*Provided records:*
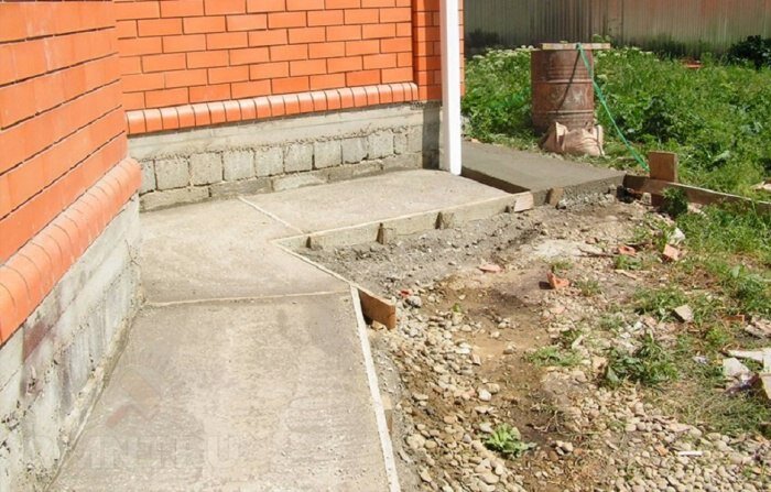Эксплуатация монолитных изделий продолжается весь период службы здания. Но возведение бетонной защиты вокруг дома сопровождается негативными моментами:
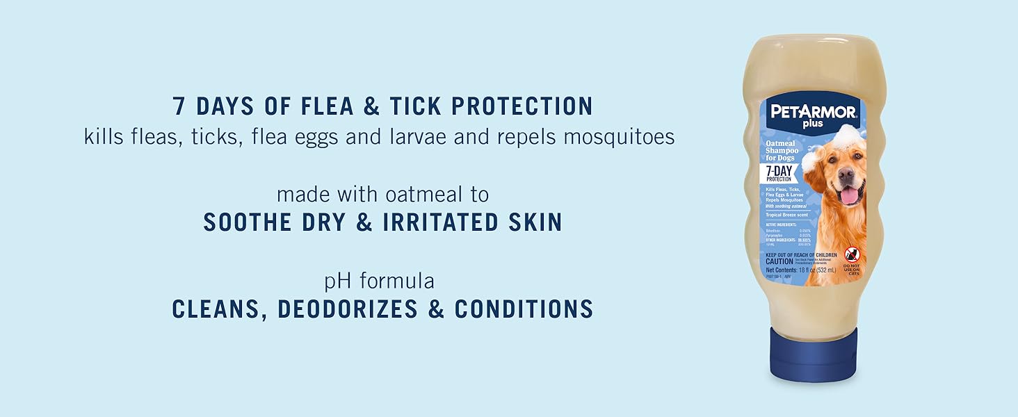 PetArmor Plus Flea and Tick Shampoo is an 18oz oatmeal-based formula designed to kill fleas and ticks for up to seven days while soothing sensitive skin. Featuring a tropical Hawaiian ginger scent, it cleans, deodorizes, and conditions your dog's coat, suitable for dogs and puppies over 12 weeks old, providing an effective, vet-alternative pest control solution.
==
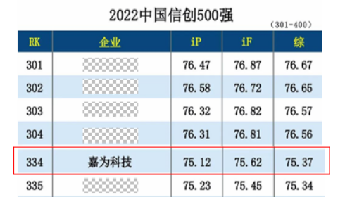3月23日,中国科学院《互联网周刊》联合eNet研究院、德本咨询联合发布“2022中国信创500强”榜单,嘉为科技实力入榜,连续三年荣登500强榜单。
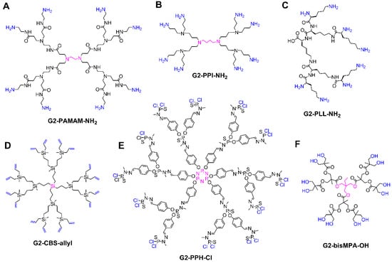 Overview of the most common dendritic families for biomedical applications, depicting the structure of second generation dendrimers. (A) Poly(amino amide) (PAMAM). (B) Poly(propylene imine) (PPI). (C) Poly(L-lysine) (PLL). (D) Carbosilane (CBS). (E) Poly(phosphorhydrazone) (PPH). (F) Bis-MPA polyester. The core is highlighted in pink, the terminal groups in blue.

*Problem to solve:*
Reproduce the data above exactly, but only from the line containing "Эксплуатация монолитных изделий" through the line containing "PetArmor Plus Flea"; skip the pictures.

*Response to this exercise:*
Эксплуатация монолитных изделий продолжается весь период службы здания. Но возведение бетонной защиты вокруг дома сопровождается негативными моментами:
 PetArmor Plus Flea and Tick Shampoo is an 18oz oatmeal-based formula designed to kill fleas and ticks for up to seven days while soothing sensitive skin. Featuring a tropical Hawaiian ginger scent, it cleans, deodorizes, and conditions your dog's coat, suitable for dogs and puppies over 12 weeks old, providing an effective, vet-alternative pest control solution.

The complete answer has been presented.